Lemma 9 gave an efficient variable reduction from an exponentially hard but E-computable polynomial family. However, while bootstrapping in Theorem 1, we work with a case where number of variables can be as low as  $\log^{\circ c} s$  compared to *s*, size of the circuit. In this extremely low variate regime, we have to deal with hard polynomial family of *non*-constant individual degree. There are also technical challenges faced in choosing parameters that should lead to a contradiction in the proof.
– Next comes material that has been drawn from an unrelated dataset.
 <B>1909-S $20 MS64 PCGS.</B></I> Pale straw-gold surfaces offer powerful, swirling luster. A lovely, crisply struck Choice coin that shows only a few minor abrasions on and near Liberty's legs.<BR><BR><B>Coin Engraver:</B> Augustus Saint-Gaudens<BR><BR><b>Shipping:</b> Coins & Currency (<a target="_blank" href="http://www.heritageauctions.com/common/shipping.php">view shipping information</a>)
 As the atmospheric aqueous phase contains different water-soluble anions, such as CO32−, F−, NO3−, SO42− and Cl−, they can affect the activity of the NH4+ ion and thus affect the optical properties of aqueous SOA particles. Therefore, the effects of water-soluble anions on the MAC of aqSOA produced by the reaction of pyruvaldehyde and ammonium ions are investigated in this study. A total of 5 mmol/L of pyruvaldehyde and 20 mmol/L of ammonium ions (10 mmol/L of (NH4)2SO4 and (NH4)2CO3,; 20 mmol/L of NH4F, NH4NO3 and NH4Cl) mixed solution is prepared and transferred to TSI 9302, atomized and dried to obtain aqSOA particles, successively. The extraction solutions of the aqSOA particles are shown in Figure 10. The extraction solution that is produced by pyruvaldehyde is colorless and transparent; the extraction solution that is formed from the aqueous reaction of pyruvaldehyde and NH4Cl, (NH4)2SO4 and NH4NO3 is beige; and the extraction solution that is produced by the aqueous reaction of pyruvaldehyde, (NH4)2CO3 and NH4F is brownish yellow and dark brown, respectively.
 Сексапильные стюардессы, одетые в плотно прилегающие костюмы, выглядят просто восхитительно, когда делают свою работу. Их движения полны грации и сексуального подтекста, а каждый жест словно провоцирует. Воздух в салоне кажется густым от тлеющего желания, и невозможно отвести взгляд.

So, we cannot use Lemma 9 directly. In Lemma 12, we take care of those issues. Overall proof strategy will be again to use Nisan-Wigderson combinatorial design and Kaltofen's algebraic circuit factoring algorithm. This is done repeatedly in Theorem 1.
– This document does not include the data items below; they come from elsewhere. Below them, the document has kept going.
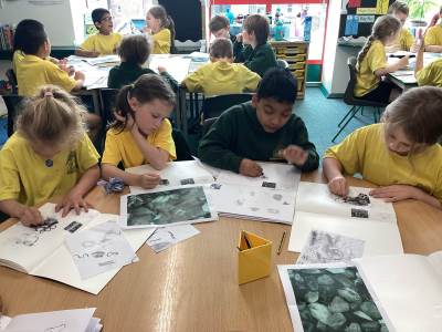 In Science, our focus has been on life cycles in the topic Animals Including Humans. The children sequenced the stages of frogs, butterflies, chickens and humans, using the correct scientific vocabulary. They also investigated the basic needs for survival, finding out that all living things need food, water and air to stay alive. The children asked thoughtful questions and used iPads to research fascinating facts about different animals.
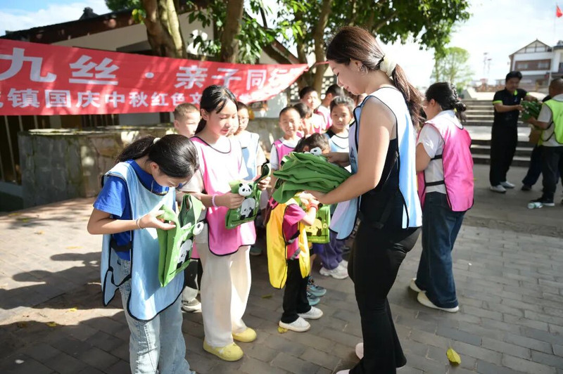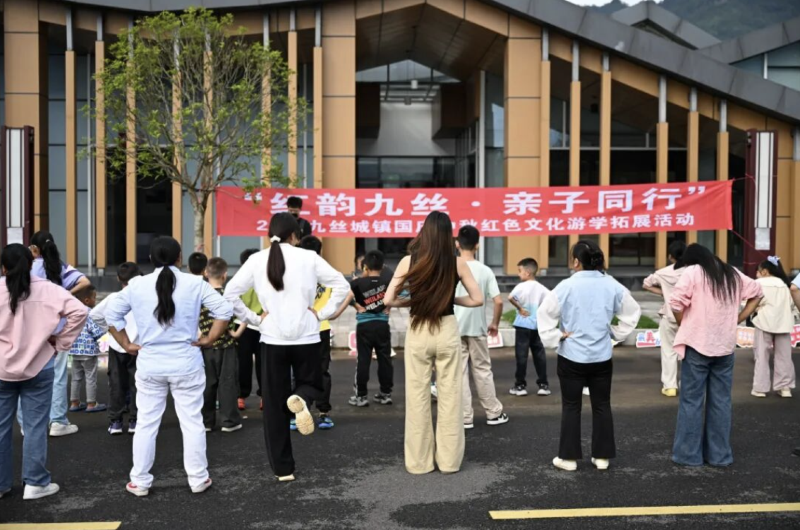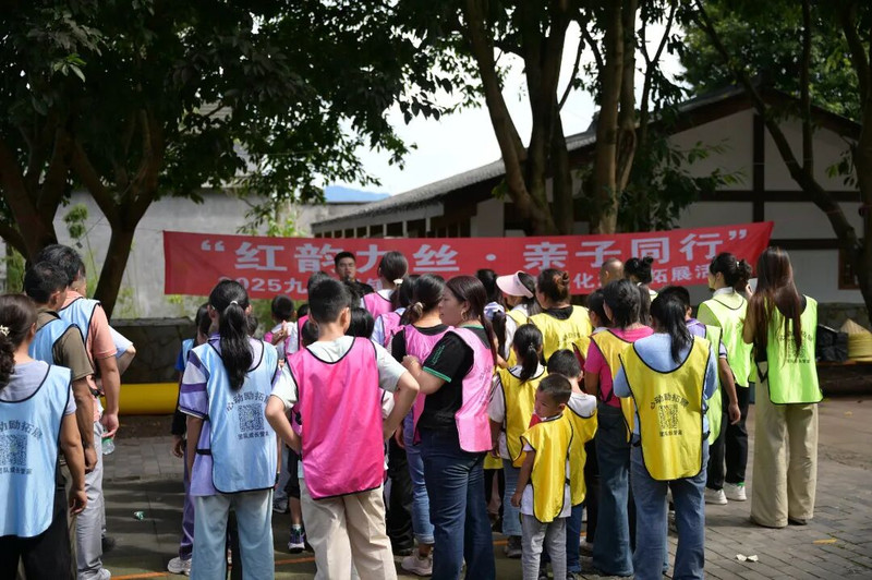 今年国庆节早上八点,九丝城镇在长征国家文化公园(兴文公园)广场举办的“红韵九丝·亲子同行”国庆红色文化游学拓展活动,是一场融合爱国主义教育、红色文化传承与家庭互动体验的综合性主题实践活动。该活动紧扣“赓续红色血脉、厚植家国情怀”的主旨,通过沉浸式、互动式、体验式的设计,引导青少年及家庭在行走中感悟革命精神,在协作中增进亲子情感。其主要内容包括以下几个方面:
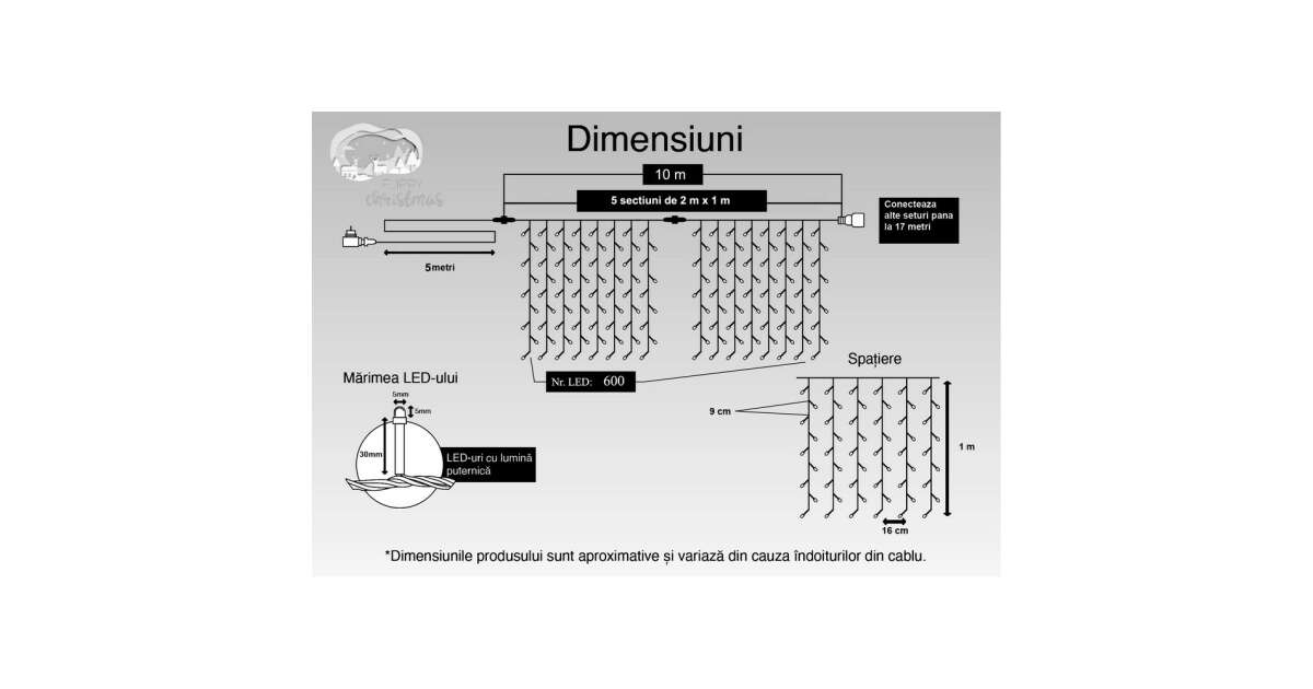 Instalatie Craciun, Tip Perdea, IP44, 10 m x 1 m, 600 LED-uri, Alb cald, cu flash, Transformator, Interconectabila, Prelungitor 5 m inclus, Fir transparent, Interior/ Exterior, KipHome Descriere

LEMMA 12 (TINY VARIABLE REDUCTION). Let  $c_3 \ge 1$  be the exponent in Kaltofen's factoring algorithm [11, Thm.2.21]. For a constant  $e \ge 1$  define,  $c_0 := \lceil 9\sqrt{e} + 3 \rceil c_3$ ,  $c_1 := \lceil 30e + 10\sqrt{e+1} \rceil c_3$  and  $c_2 := 1 + c_1^2$ . Let  $\varepsilon$  be a tiny function say  $\varepsilon(s) := 2\lceil \log^{\circ k} s \rceil$  for  $k \ge 1$ . Suppose we have a family  $\{q_{m,s} \mid s \in \mathbb{N}, m = c_1\varepsilon(s)\}$  of multi- $\delta_{m,s}$ -ic m-variate polynomials that can be computed in  $s^{O(1)}$  time, but has no size-s algebraic circuit, where  $\delta_{m,s} := \lceil s^{3e/m} \rceil$ .
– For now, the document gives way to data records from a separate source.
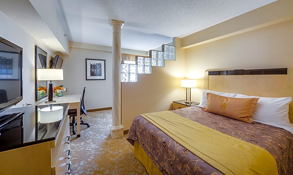 The Monte Carlo Inn & Suites Downtown Markham offers a variety of room types, including standard rooms with 1 king bed or 1 queen bed, deluxe king suites with a jetted tub and living room, luxury king suites with a jetted tub, queen suites with a sofa bed, and king suites with a jetted tub. Smoking is not allowed in any of the rooms. The rooms can accommodate 2 adults and vary in size from 301 sqft to 538 sqft.
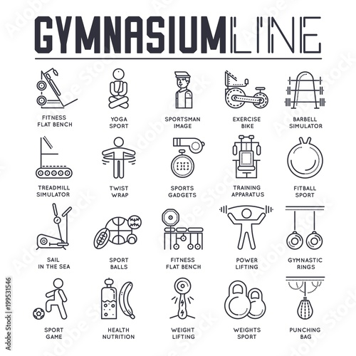 Naklejka premium Thin line sporty men and women doing exercises and working out in gymnasium. Flat outline people working out in sport gym vector illustration concept.
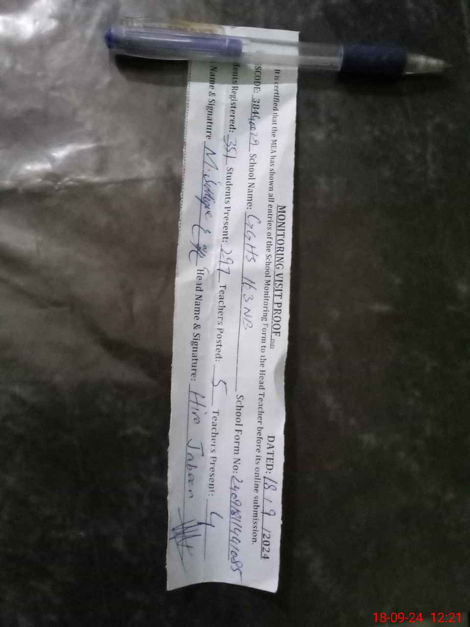 | Name: Hi**** Ja**** Designation: (School Headmaster's/Headmistress's) SSE Phone/Cell Number: 03**** |

Then, there is a poly(sd)-time variable reduction map, reducing  $n \leq 2^{\varepsilon((sd)^{c_0})}$  to  $c_2\varepsilon((sd)^{c_0})$  and preserving nonzeroness, for degree-d *n*-variate polynomials computed by size-s circuits. Furthermore, after variable reduction, the degree of the new polynomial will be poly(sd).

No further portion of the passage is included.